By Jamison A. Hill, Contributing Writer

The good news: Harvard Medical School researchers have identified an enzyme inhibitor and growth factor that, in combination, appear able to erase some of the damage from heart attacks.

The bad news: the enzyme inhibitor is a known toxin to humans.

The researchers’ discovery—which suggests that the loss of cardiac function and accompanying tissue scarring caused by a heart attack may be reversible—will be published in the Oct. 17 issue of the Proceedings of the National Academy of Sciences.

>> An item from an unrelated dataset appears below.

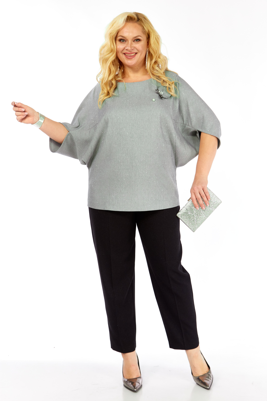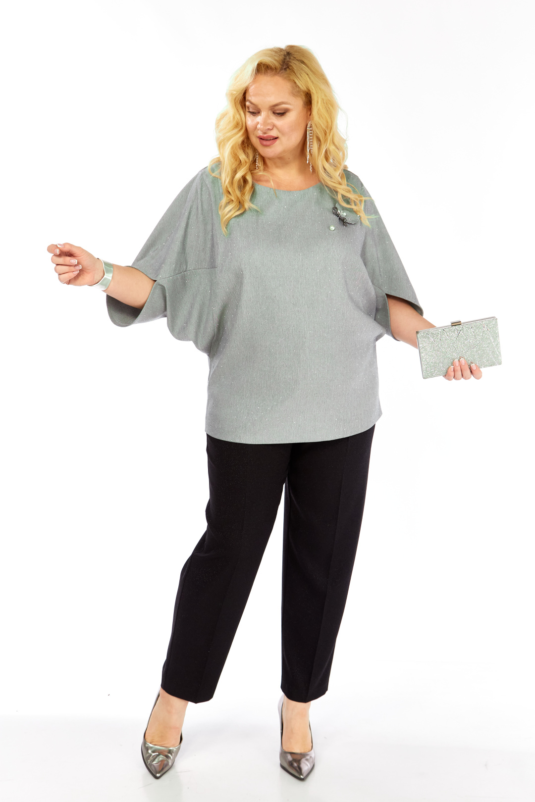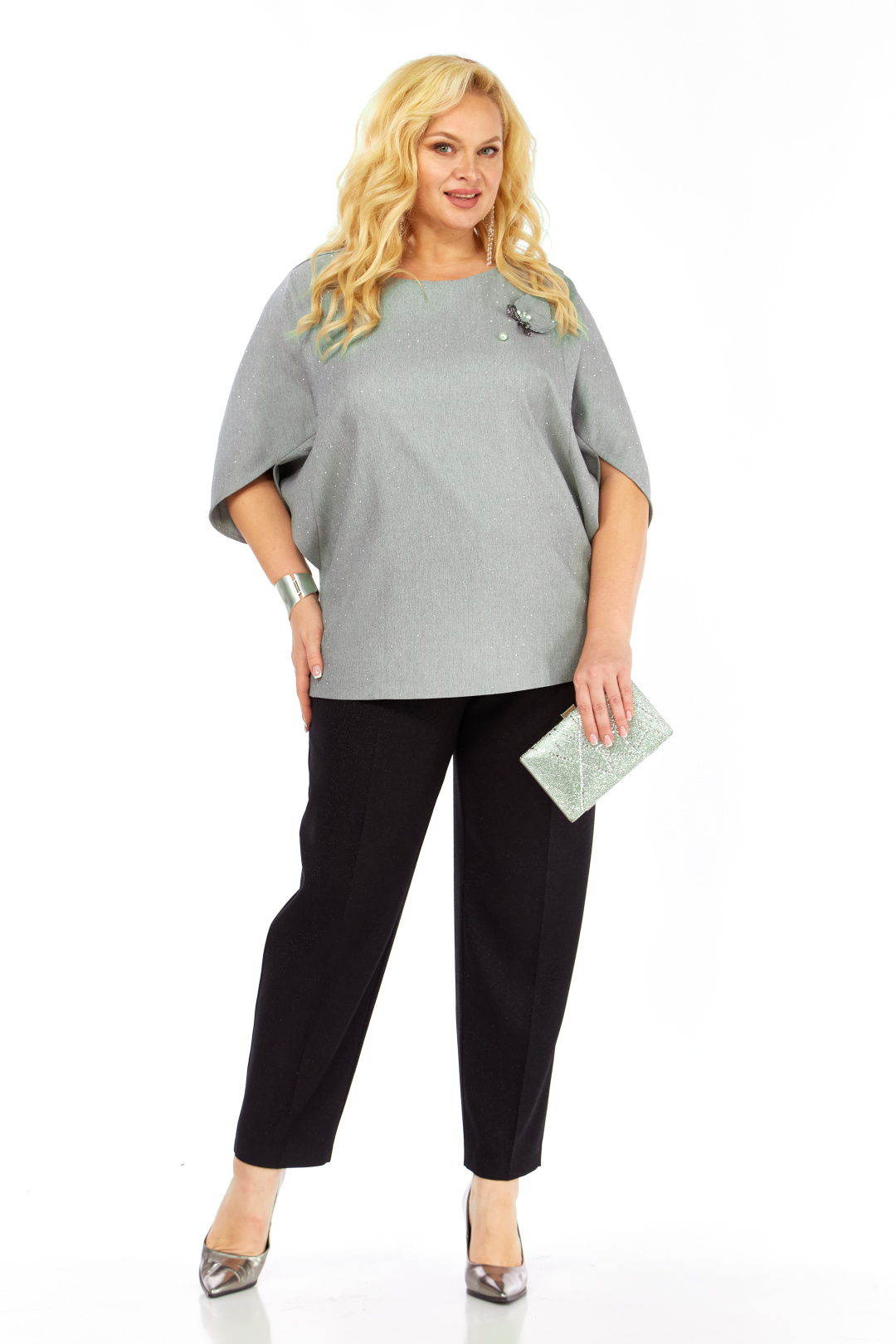 Комплект 2-ух предметный, состоит из блузки и брюк. Уникальная блуза, сочетает в себе изысканный дизайн и комфорт. Прекрасно подойдет для праздничных мероприятий. Блуза полуприлегающего кроя из ткани на поверхности которой присутствует легкое элегантное мерцание кристаллов. Горловина аккуратной округлой формы. Эффектные рукава с фантазийным решением — усиливают модный акцент и придают дополнительный шарм. Декоративным элементом является съемная дизайнерская брошь. Брюки слегка зауженные к низу. Пояс притачной, частично на резинке. Застежка спереди на тесьму-молнию, петлю-пуговицу.

A Harvard professor of cell biology and pediatrics, Mark T. Keating, and an instructor in pediatrics at the Harvard-affiliated Children’s Hospital, Felix Engel, administered two drugs to rats who had suffered induced heart attacks. One of the drugs targets p38 MAP kinase, an enzyme that prevents heart muscle cells from undergoing cellular division. The other is FGF1, a growth factor that promotes the creation of new blood vessels.

The researchers found that rats who had received the two drugs experienced significant improvements in heart function and a reduction in the amount of scar tissue, which inhibits pumping capacity.

Only those rats receiving both the enzyme inhibitor and FGF1 showed significant improvements in both the proliferation of heart cells and heart function. Though the administration of only the inhibitor did result in the creation of new heart muscle cells, it did not improve cardiac function. The rats that only received the growth factor did not show as much cell proliferation as those receiving the inhibitor.

Heart muscle cells, or cardiomyocytes, “need a blood supply and oxygen to survive,” said Engel. “FGF1 did not have a great effect on cell proliferation, but we found it was providing a new blood supply. If you just inhibit p38 MAP kinase, you don’t get blood vessels.”

But there are still some major obstacles in using these drugs on humans to reverse cardiac damage. Since the p38 MAP kinase inhibitor is a known toxin to humans, a different nontoxic small molecule with a similar function must be used.

Engel said the drugs were administered to the rats directly after the heart attack, so future work will concentrate on whether or not this combination of drugs can repair older damage to the heart.